● STORED DATA

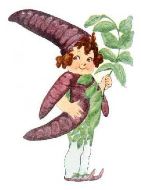
THE oddest child—when all is said— Of those we've met, is St. John's Bread; He's Spanish, so I've understood, And makes a food that's very good.
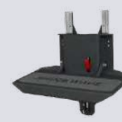
Bulkhead Mount Adjustable Footrest SW-07507
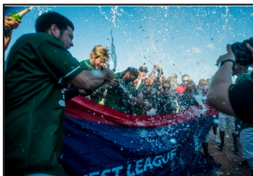
Loons celebrated their first MWL title in 2016.

● TASK PROMPT
Drop the pictures and copy the data exactly.

● RESPONSE
THE oddest child—when all is said— Of those we've met, is St. John's Bread; He's Spanish, so I've understood, And makes a food that's very good.
Bulkhead Mount Adjustable Footrest SW-07507
Loons celebrated their first MWL title in 2016.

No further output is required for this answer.